Ces derniers faits sont postérieurs à un courriel du 21 octobre 2010 de Mme A, responsable DMOS, indiquant à Mme X que les locations de salle devaient être d’un montant de 500 à 1 000 euros.

Il est constant que par courrier du 9 juillet 2009, Mme X avait été alertée par sa supérieure hiérarchique directe sur un certain nombre de dysfonctionnements dans son travail (retards fréquents à des réunions, carences dans la mise en oeuvre des activités et la coordination des opérations avec le terrain, insuffisance du reporting, retards dans l’exécution du travail) et que le 19 novembre 2009, elle s’était vue délivrer un avertissement motivé par divers manquements (non respect du reporting d’activité concernant les experts en cardiologie et les visites auprès d’eux, manque d’anticipation dans l’organisation de réunions régionales auprès du collège national des cardiologues, mauvaise coordination avec les équipes locales, retards…).
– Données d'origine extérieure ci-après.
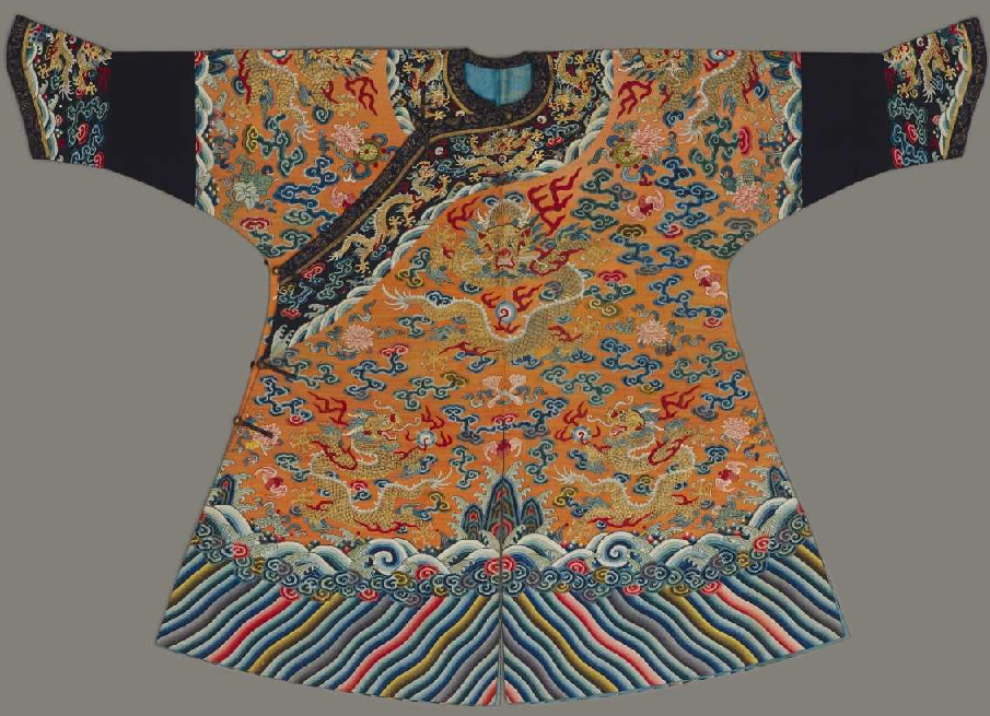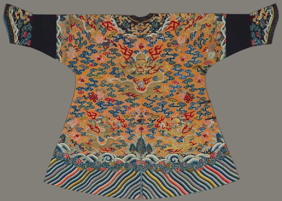 此袍在杏黄地上,缂织彩云金龙及海水江牙等纹样,工艺细腻,一丝不苟。清代冠服制度向以森严繁复著称,从服装的颜色、纹样、形式和称谓上,都能表明穿着者身份地位的不同,即便是皇帝家庭之内也有着严格的等级区别。如吉服袍惟有穿在帝、后、妃、嫔身上,才可称龙袍。而皇子穿用的吉服袍,尽管与前者纹样或颜色相同,却只能称作蟒袍。

Il résulte de l’ensemble de ces éléments, sans qu’il soit nécessaire d’examiner le surplus des griefs énoncés, que le licenciement de Mme X, prononcé pour cause réelle et sérieuse, est justifié. Le jugement déféré sera confirmé sur ce point et Mme X déboutée de ses demandes indemnitaires, en ce compris celle relative à la réparation d’un préjudice moral résultant des circonstances humiliantes du licenciement, lesquelles ne sont pas démontrées.
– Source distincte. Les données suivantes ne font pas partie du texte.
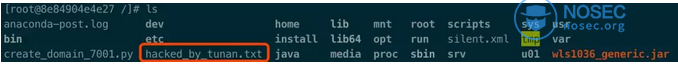 执行后去目标系统根目录下,可以看到hacked_by_tunan.txt这个文件被创建成功,漏洞触发成功。
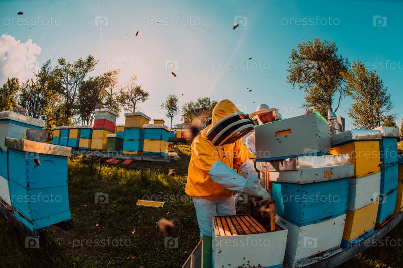 Пчеловоды проверяют мед на рамке улья в поле. Владельцы малого бизнеса на пасеке. Производитель натуральных здоровых продуктов питания работает с пчелами и ульями на пасеке
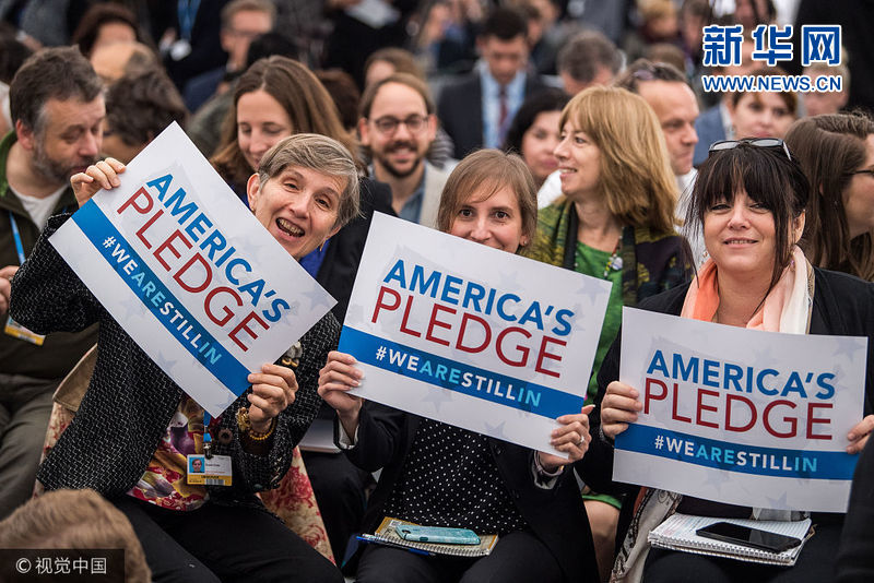 當(dāng)?shù)貢r(shí)間2017年11月11日,德國波恩,波恩氣候大會(huì)召開,“美國會(huì)館”內(nèi)景。雖然美國宣布退出了《巴黎協(xié)定》,但美國氣候談判代表仍出席了波恩的會(huì)議。美國除聯(lián)邦外的各級(jí)政府均派代表參加波恩會(huì)議,且主要目的就是表明他們?nèi)詫⒅铝τ趦冬F(xiàn)美國在巴黎做出的承諾。在美國國內(nèi),成千上萬的市長(zhǎng)、州長(zhǎng)、部落首領(lǐng)、企業(yè)高管以及普通美國人都在努力降低溫室氣體排放。這個(gè)名為“我們?nèi)栽趫?jiān)守(We Are Still In)”的聯(lián)盟的成員代表了美國一半以上的人口以及54%的經(jīng)濟(jì)產(chǎn)出?!拔覀?nèi)栽趫?jiān)守”( We Are Still In)、“美國氣候聯(lián)盟”、“氣候市長(zhǎng)”(Climate Mayors)和其它諸多計(jì)劃向全世界傳遞了這樣一個(gè)信息,即美國仍然有很多人正致力于擁有宏偉目標(biāo)的氣候行動(dòng)之中,而“美國的承諾”(America’s Pledge)正在尋求如何量化并傳播這些承諾。(圖片來源:視覺中國)

Sur les dépens et les frais non compris dans les dépens

Succombant en son recours, Mme X sera condamnée aux dépens d’appel et gardera à sa charge les frais non compris dans les dépens qu’elle a exposés à l’occasion de la présente instance, les dispositions prises sur les dépens et les frais irrépétibles de première instance étant confirmées.
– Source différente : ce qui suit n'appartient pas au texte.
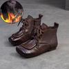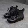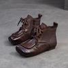 Johnature Kurze Stiefel aus echtem Leder im Retro-Stil mit bequemer, quadratischer Zehenpartie und Schnürung für Damen

Il y a lieu, en équité, de laisser à la société BOERHINGER INGELHEIM FRANCE la charge de ses frais non compris dans les dépens.

PAR CES MOTIFS

LA COUR

Confirme le jugement déféré en toutes ses dispositions,

Y ajoutant,

Condamne Mme X aux dépens d’appel,

Déboute les parties de leurs demandes plus amples ou contraires.